In this manual, the SCP network shares the experiences of a few individuals and organizations who have used theater as a communication tool for change and peace. There are theoretical foundations, concrete examples with regard to content and techniques and methods that we want to make available to a greater number of people. The goal can not be to make you professionals of the theater, but you will find techniques, tricks, experiences and experiences of people with experience in this discipline.



Interaction avec les spectateurs pendant la représentation


Peinture sur corps pour l’expression symbolique

This contact aims to demystify the theater and add it to the toolbox of SCP activists.

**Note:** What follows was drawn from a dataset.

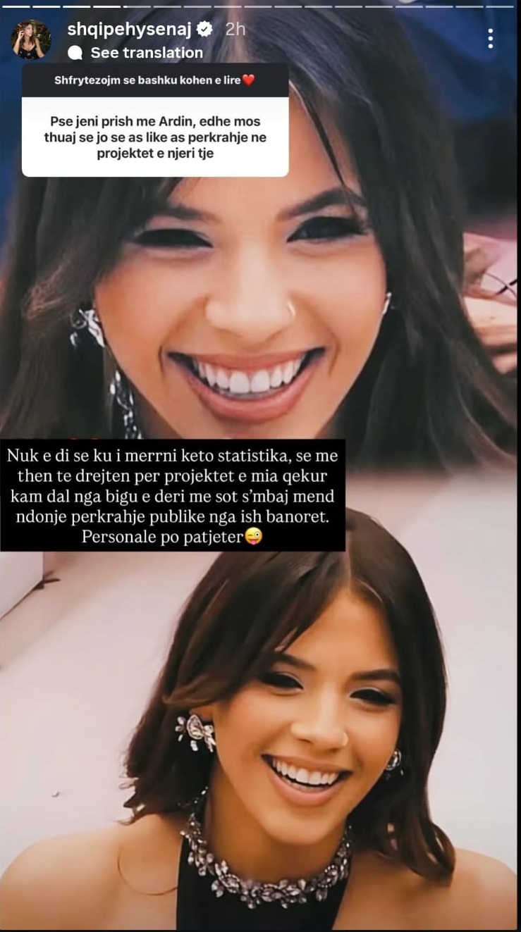 Në një pyetje që iu drejtua në Instagram, Shqipja u pyet hapur pse nuk shihet më me Ardin dhe pse nuk ka përkrahje mes tyre në projekte. Ajo u përgjigj: “Nuk e di se ku i merrni këto statistika, se me thënë të drejtën për projektet e mia qysh kam dalë nga Bigu e deri më sot s’mbaj mend ndonjë përkrahje publike nga ish-banorët. Personale po patjetër.”

Theater as a tool for reflection, communication and expression of emotions and points of view, which can be diametrically opposed, can allow an opening in difficult situations to be carried out, in cul-de-sacs that seem to have no way out and in conflicts between people and communities. All the experiences described in this manual have been developed in a community manner with the help of experienced support professionals and African artists.

We thank Charlie Haffner, Jeanne Medom, Claus Schrowange, Silvia Stroh and our colleagues from the SCP GIZ of Nepal for their enlightening and rich contributions. Many photos illustrate the texts and make it possible to feel better the emotions and the clicks that happened on stage and in the public. We hope that this publication will also create links and exchanges between the different actors who are advancing this approach in Africa, Asia and Latin America.